Cernak became convinced [after the Balkans conflict of the 1990s] that blast ripples through the body like rings on a pond’s surface. Its speed changes when it encounters materials of different density, like air pockets or the border between the brain’s gray and white matter, and can inflict greater damage in those places. As it happens, physicists would later theorize some very similar models for how blast damages the brain. Several possibilities have now been explored, including surges of blood upward from the chest; shearing loads on brain tissue; and the brain bouncing back and forth inside the skull, as happens with concussion. Charles Needham, a renowned authority on blast physics, told me post-mortems on blast injuries have lent some support to all of those theories, and the truth may be that several are at play simultaneously.

A decade after her initial battlefield surveys in the Balkans, Cernak took a position at Johns Hopkins University in Baltimore, where she did animal research that bolstered her conviction about blast’s full-body effects. She found that even if an animal’s head is protected during a blast, the brain can sustain damage, because the blast wave transfers through the body via blood and tissue. Cernak also came to believe that blast injuries to the brain were cumulative and that even small explosions with no discernible effects could, if repeated, produce terrible and irreversible damage. Much of this would later be confirmed by other scientists.

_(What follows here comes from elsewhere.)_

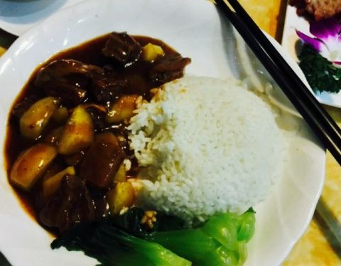 ※ 。冲着红色主题特色去的,彩色贴画气质鲜明,砖墙简朴清丽,红绿桌布喜庆,服务员亦是身着军色服饰。没有见到所谓的表演,一行人便是专心吃饭,耐心掘味。相亲相爱,取了个文艺的名字,实际上就是夫妻肺片,做得不错,香辣爽口,开胃凉菜必点。三样菜,藕,洋芋和花菜的普通组合,这样的叫法不是它家独有,麻辣不出众的菜品咸味就占了上峰,味道一般。土豆柴火鸡,消失已久的柴火鸡惊现江湖,名字是噱头,土豆烧鸡卖相不错,土豆切得娇小,入口刚好,鸡肉出品也很赞,这个菜值得推荐。一品牛肉,一大碗分量惊人,肉多筋少,嚼劲十足。搭配豆腐和红薯,都是我喜欢的素菜,性价比较高,但稍欠特色。※ 。总体说来感觉还行,价格合理,菜品品种丰富,外地朋友品食和家常亲友聚会可选此地。

This all sounds quite credible — but it doesn’t explain the many cases of PTSD from troops who never faced combat or suffered blast injuries.

Comments

  1. Bob Sykes says:

    Although many of S. L. A. Marshall’s claims are disputed, his claim that after an initial improvement combat performance falls off due to psychological trauma seems reasonable. With even National Guard troops having multiple tours in Iraq and Afghanistan, one has to wonder how traumatized they are.

  2. Lu An Li says:

    My understanding was that shell shock was primarily a WW1 phenomenon. Troops in trenches being exposed to hours or even days long bombardment by artillery. Involuntary and natural reaction [jump] to close-by loud and unexpected detonations so repeatedly for a prolonged period producing the jitters and movements associated with what is called “shell shock”.

  3. Lu An Li says:

    See this video of a shell shock victim.

  4. Alrenous says:

    They’re saying shell shock and PTSD are different, not that PTSD doesn’t exist. Although from a soldier’s perspective ‘shell shock’ covers both, since they’re both behaviour problems, and isn’t a bureaucratism like ‘PTSD.’